# What was the first music in your life?



## JozeffTech (Jul 16, 2022)

What was the first ever music you heard in your life?
Here's mine:


----------



## TyraWadman (Jul 16, 2022)

Hard to say. I remember all kinds of music but I wouldn't know if it was a kids song that came first, or something that my parents listened to. 

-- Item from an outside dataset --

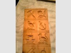 Artkunst24-de biete: Springerle Modell10Motive Pickelhaube Trompete Seefahrt um 1860 besonders seltene Motivwahl Kirschbaum 9x 21x 2,3 cm besonders fein geschnitzt die Darstellungen sind in fein ausgearbeiteten Runden Feldern wiedergegeben ! Provenienz Bäckerei Gauss in Bretten Alle unsere 2850 Angebote in Kategorien unterteilt hier der Link. Artkunst24-de
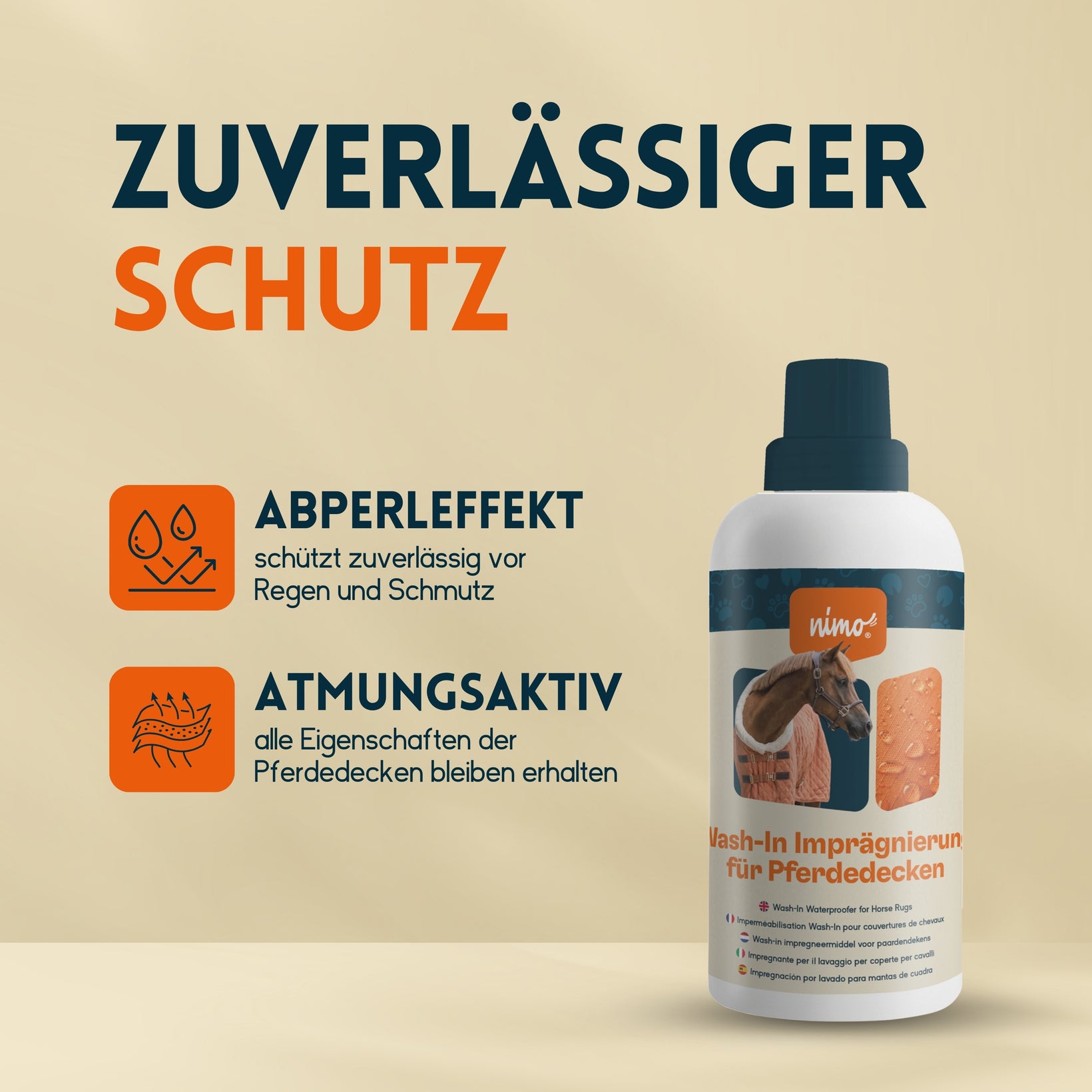 La protection contre la pluie à l'épreuve des enclos : Cette imprégnation lavable, douce pour la peau, est spécialement conçue pour les couvertures pour chevaux et possède une formule innovante de protection des tissus. Protège efficacement les couvertures de l'humidité et de la saleté et assure d'excellentes propriétés hydrofuges.

Mom listened to a wide variety of songs (that were available at the time) like R&B, hiphop, Shakira, Ricky Martin, etc.  And dad listened to 80s/90s dance music (Aqua, and those miscellaneous bops)


----------



## a sleepy kitty (Jul 17, 2022)

The earliest music I remember is music from musicals. My mom is a thespian and loves musicals. I also listened to a lot of rock music with my older brother. Mom also played 80s music in the car.


----------



## Kit H. Ruppell (Jul 17, 2022)

The earliest I remember was one of Mozart's horn concertos that my grandparents had playing.


----------



## Foxridley (Jul 17, 2022)

The first music I can remember listening to is probably either _Live at the Acropolis_ by Yanni or the _Kids Songs_ album by Nancy Cassidy.


----------



## Xitheon (Jul 18, 2022)

This band called "The Roches." My dad used to play them on cassette when we went driving.






Apparently I heard this song (by Uncle Bonsai) when I was a little kid and I asked my dad "Is this a real song?"

"Is this a real song" has become a family in-joke.


----------



## MaelstromEyre (Jul 22, 2022)

I grew up listening to a lot of classical music.  My mom played piano, just for her own enjoyment, and she would play Beethoven's "Fur Elise."  We also had a symphony orchestra here in the city that did "Lollipop Concerts," aimed at children, where they played music that might be familiar to us from cartoons (like the old Warner Brothers/Bugs Bunny toons) as a way of introducing kids to classical music.


----------